In this issue of Osteoporosis International, De Vries et al. [16] compared fracture risk prediction from classical techniques (Cox regression) with AI-/ML-based survival models (random survival forests, RSF, and artificial neural network, ANN-DeepSurv). Their study was conducted in a sample of 7578 post-fracture individuals, relatively large by conventional measures though not by current ML standards. Their data-driven hypothesis-free investigation aimed to compare the performance of the models and to identify, if possible, novel risk factors. This study reminds us about the wealth of electronic data that is increasingly available to researchers from electronic health record databases. Although FRAX performs well in clinical practice, it still ignores large amounts of potentially valuable patient information. The use of these additional data sources, such as in De Vries et al., can suggest novel hypotheses, risk factors, and disease/health determinants. Despite examining more than 40 clinical and laboratory variables in their predictive models, and contrary to expectation, Cox regression outperformed the AI/ML models. In part, this may reflect the use of more sophisticated approaches with the Cox regression (LASSO variable selection, non-linear transforms including restricted cubic splines) and rather simplistic ML architectures (only 2 layers in ANN-DeepSurv). One would anticipate that ML performance would improve with more complex architectures and sufficient data to avoid overfitting. The identification of overlapping predictors (e.g., age, hip T-score, time since menopause) provides face validity that the approaches are responsive to similar signals in the data. ML was also able to identify plausible risk factors that were omitted from the Cox model (e.g., vertebral fracture, lumbar spine T-score) and to propose some novel risk factors (e.g., plasma albumin, breastfeeding), both worthy of future study.
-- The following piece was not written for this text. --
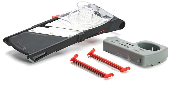 В комплекте: толкатель, горизонтальное двойное лезвие (регулируется по высоте), два фигурных лезвия "жульен" 2 и 4 мм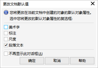 或者在没有选择文本的状态下,则会跳出“更改文档默认值”复选框,选择你需要更改对象属性的选项,单击确定。

We are optimistic regarding in the future of medical AI and for the osteoporosis field in particular. In 2018, the Food and Drug Administration (FDA) approved the OsteoDetect (Imagen), an AI software based upon DL to identify and highlight distal radius fractures during the review of posterior-anterior and lateral radiographs of adult wrists as an adjunct to the clinician’s review and clinical judgment [17]. Thus, AI has already found its way to addressing important tasks in the overall osteoporosis clinical management. Nevertheless, healthy skepticism should balance zeal to see this science move forward and temper our enthusiasm to see AI integrated into clinical applications. A recent systematic review of medical imaging DL algorithms between 2010 and June 2019 found that almost all were retrospective, non-randomized, at high risk of bias, and deviated from existing reporting standards [18]. Moreover, data and code availability were lacking in most studies, yet only a minority stated that further prospective studies or trials were required. Aside from technical issues related to model reliability and reporting transparency, AI/ML raises prickly new questions that have yet to be answered: Who owns the data used to initially train the algorithm and what are the rights of the patient to control their personal information? How are individual privacy concerns balanced against making the dataset (which can be highly detailed in “real-world” data) available for independent validation? Once approved, how can one provide “stewardship” over changes to the AI/ML algorithm (mostly cloud based) without stifling its unique ability to evolve and improve?

To conclude, we believe healthcare will see increasing synergy between human and artificial intelligences, where the latter will enhance a physician’s performance and support well-informed clinical decision-making—namely augmented intelligence. AI should be seen as yet another tool for improving the quality of patient care. Not to be feared but to be understood, as we explore AI’s unique strengths and limitations.